Are there more individuals out there still to pop up as menacing, slightly zombie-ish, wacko chrome dome killers? BLUE SUNSHINE is an obscure & off kilter, socio-political fringe thriller that is delirious but entertaining with it's interesting premise that recalls early David Cronenberg without the graphic grossness. Far from innocent & harmless substance abuse, and the odd 'bad trip' from a couple of tabs, the idea of involving former graduates having indulged in past "experimentation" who are now respectable "establishment" who suffer mad shark-eye stares, psychotic breaks and lash out in raging rampage, makes for a great plot and seems to even carry a vague, elitist anti-hippie sentiment. The movie does have pacing problems which along the lines of suspenseful made-for-TV fare, has some bland characters, overacting making for unintentionally funny, and the tension sometimes deflating into flatness, but if nothing else, it has originality going for it (regardless of twitchy Jerry flirting between silently subdued, erratic, immature, and ridiculously temperamental to the hilt) and offers a lot of guess work as to who might be a potential kook. Also of note is how the movie is a real product of the 1970's. The backdrop of that decade saw a penchant for cynicism and mistrust with unnerving films of the post-Vietnam & Watergate era delving into paranoia, conspiracies, and infection/invasion themes (all with resident car chases).

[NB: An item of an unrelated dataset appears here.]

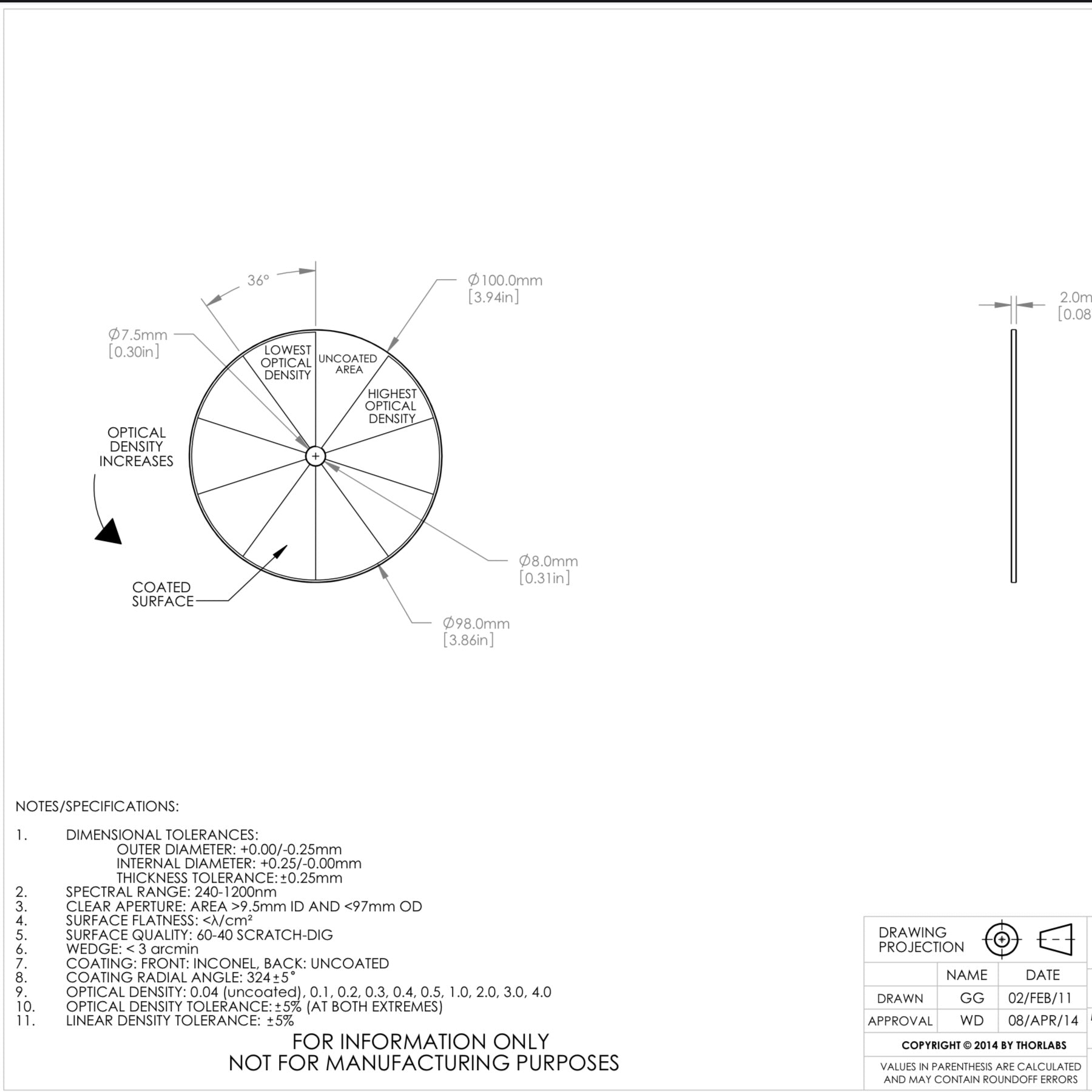 Thorlabs NDC-100S-4 Variable ND Filter Ø100mm OD 0.04–4.0 Unmounted NEW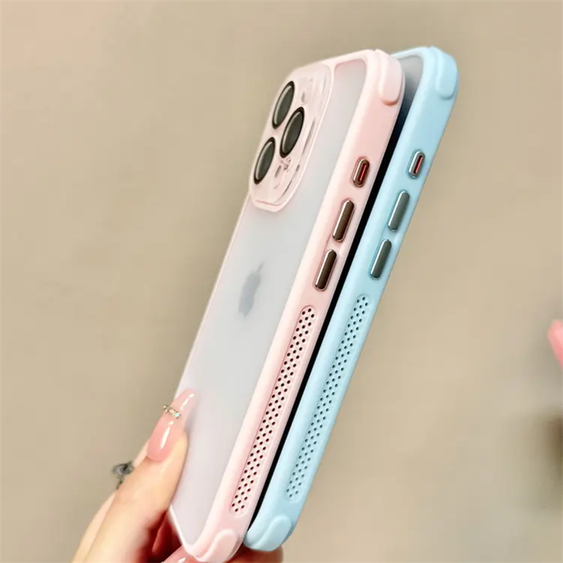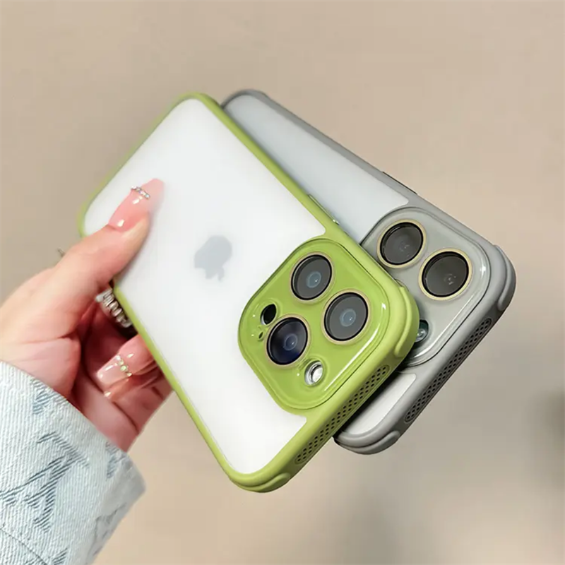 适用苹果16手机壳散热透气iPhone13proma磨砂亚克力新款14Pro简约超薄15plus男女12镜头膜全包防摔保护套磁吸

Here, the uinque twist comes from the subliminalism of revolutionary counterculture values having turned into the horror of mass conformist, corporate/capitalist collaboration. [It's also probably no accident/coincidence that the narcotic nightmare of 'blue sunshine' ominously echoes the CIA'S notorious 'Project MKUltra' mind control program from 1953-73 that conducted secret experiments with psychotropic drugs on human test subjects in colleges & universities, prisons, and hospitals -- with the institutions each serving as fronts. Often unwilling citizens (Americans and Canadians) went haywire from mindbending trances & flashbacks, and the purpose of manipulating brain function was tantamount to torture. The most extreme accusations contend the CIA using MKUltra to create assassins, triggered from brainwashing. 20yrs of controversial revelations and damning documents led to Senate Hearings in August 1977]. BLUE SUNSHINE's discordant and eerie musical score adds to a creep factor, and with a firm cult status and crossover appeal, the movie was often seen projected behind many bands playing on stage at CBGB's during its early punk years, and UK group The Glove (The Cure's Robert Smith and Siouxsie and the Banshees' Steven Severin) were such huge fans of the film that they named their album after it. Overall, this movie is a neglected off the wall rarity that in addition to defying singular categorization, no matter how it's labeled (a more psychological cousin of THE 39 STEPS without the dementia from electric Kool-Aid?), still fits perfectly beside your copy of REEFER MADNESS.